I had made a point in recent weeks to follow the advice the voice gave me no matter what. Even when I trembled at its suggestions. Even when I felt certain it must be wrong.
“I hear a voice,” I said, looking at the table. Sophronia reached across the space between us and took my hand. She did so in a comforting, reassuring way and I felt oddly at ease despite my usual reluctance to discuss such things.
“Why do you say this like it is something to be afraid of?”
“There is an inherent danger in admitting to hearing voices. Asylums are filled with people who make such claims.” I had never told anyone about the voice until I arrived in Old Orchard. In fact, if Mrs.
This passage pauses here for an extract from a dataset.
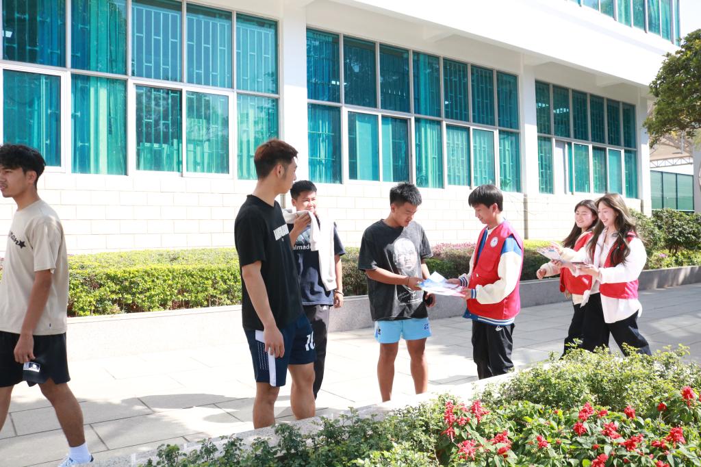 5月20日,志愿者在校园内发放禁毒防艾宣传资料。资料以图文并茂的形式,直观呈现毒品种类、危害、艾滋病传播途径及相关法律法规。一位学生表示:“这种通俗的科普方式很实用,让我们能快速掌握关键知识”。

Doyle hadn’t suggested she had expected me to inherit my mother’s gift of clairaudience, I likely never would have done. All my life I had suffered from a dread of being shut up in the sort of lunatic asylum I had read about in books. I would not have mentioned it to Sophronia if it had not been for the voice’s urging.
“You are right to be cautious when sharing such a secret. It is far too easy for men to confine independent and inconvenient women to such places.” She shook her head so swiftly a hairpin escaped its mooring and clattered onto the table. She picked it up and winked at me. “In honor of your confidence in me shall I entrust you with a secret of my own?”
The voice spoke again. “Accept this offer.” I nodded.
“Do you really believe I see visions of the dead floating in front of my eyes when I am holding a rally or giving a public presentation?” She released my hand from her grasp.
“Don’t you? That is your reputation within the Spiritualist community,” I said, tryi
ng to keep my voice even. I could hardly hear my own words over the swishing of blood in my ears as I thought of Lucy and the disappointment she would feel knowing Sophronia was a fraud. “It is part of the way you bill your public appearances.”
“Very effective it is, too. I was quite pleased with myself when I decided to add the theatrical flair of Spiritualism to my presentations.”
“Are you entrusting me with the confidence that you are a fraud?” I was flabbergasted. Sophronia had so much to lose if I were to share her secret with the world.
“Certainly not. It’s just that there is a narrow gap between what the audience would like to hear I can do and what I actually do. It seems remarkably similar to what you do.”
“What is it that you do if you don’t see spirits of the dead?” I asked. I wasn’t sure if I should be hopeful or even more worried by her admission.
“I see not the dead but a vision of the future with such clarity it often feels more real than the present circumstances in which I find myself. Women will have the vote. They will even be elected to public office. I daresay one day even the highest office the land.” Sophronia gazed off toward the ceiling as if that bright future called to her from the plaster medallion ringing the small crystal chandelier dangling above our heads.
“Why don’t you simply share that vision with the public? Wouldn’t your supporters be overjoyed to hear such things from you?”
“For the simple reason that I have found one of the most effective ways as a woman to be heard is to not seem to be the one speaking at all.” Sophronia leaned across the table and drummed the top with her slim fingers. “If I say what I see or even what I think I am demonized as a woman who has forgotten her place. If I share messages from those who have passed into the wisdom of the great beyond, rather than it coming directly from a mere woman, the message becomes far more palatable. Especially with those who believe in the possibility of spirit communication far more than they believe in the capabilities of the female population.”